◆ **The task**
Without the pictures, can you quote each line below exactly?

◆ **Given information**
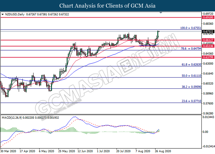 NZDUSD, Daily: NZDUSD was traded higher while currently testing the resistance level at 0.6755. MACD which illustrated bullish bias momentum suggest the pair to extend its gains after it successfully breakout above resistance level at 0.6755.
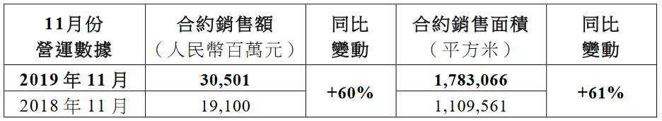 2019年11月,合约销售额约为人民币305.0亿元(2018年11月为人民币191.0亿元) ,合约销售面积为1,783,066平方米(2018年11月为1,109,561平方米),较去年同期分别上升60% 及61%。 2019年11月平均销售价格为每平方米人民币17,106元。
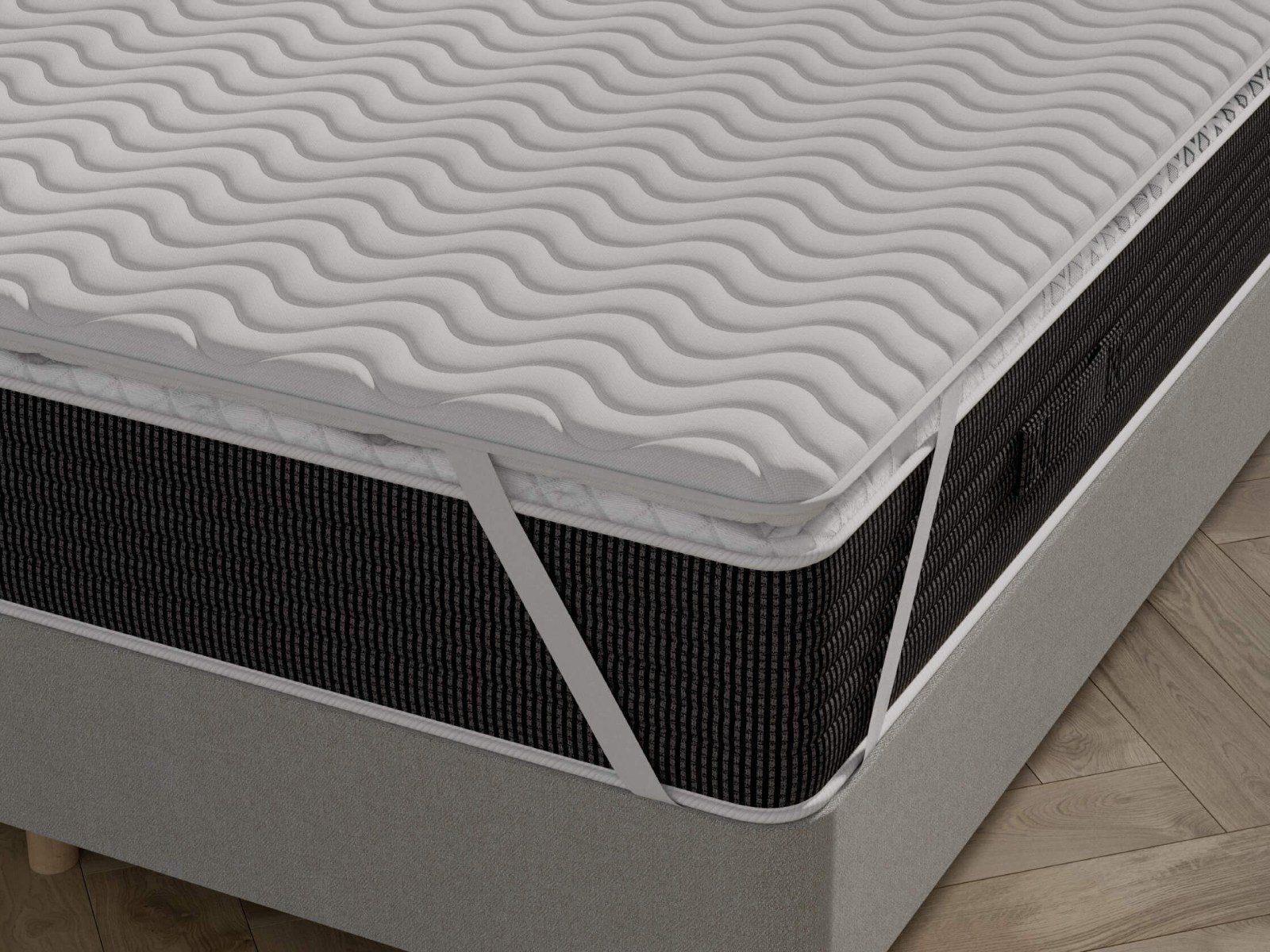 Топпер изготавливается из натуральной кокосовой койры. Этот материал обладает высокой жёсткостью, прочностью и долговечностью. Он подходит для выравнивания неровных поверхностей и обеспечивает дополнительную жёсткость. Крепление осуществляется с помощью резинок по четырём углам. Чехол выполнен из натурального хлопка.

◆ **Completed task**
 NZDUSD, Daily: NZDUSD was traded higher while currently testing the resistance level at 0.6755. MACD which illustrated bullish bias momentum suggest the pair to extend its gains after it successfully breakout above resistance level at 0.6755.
 2019年11月,合约销售额约为人民币305.0亿元(2018年11月为人民币191.0亿元) ,合约销售面积为1,783,066平方米(2018年11月为1,109,561平方米),较去年同期分别上升60% 及61%。 2019年11月平均销售价格为每平方米人民币17,106元。
 Топпер изготавливается из натуральной кокосовой койры. Этот материал обладает высокой жёсткостью, прочностью и долговечностью. Он подходит для выравнивания неровных поверхностей и обеспечивает дополнительную жёсткость. Крепление осуществляется с помощью резинок по четырём углам. Чехол выполнен из натурального хлопка.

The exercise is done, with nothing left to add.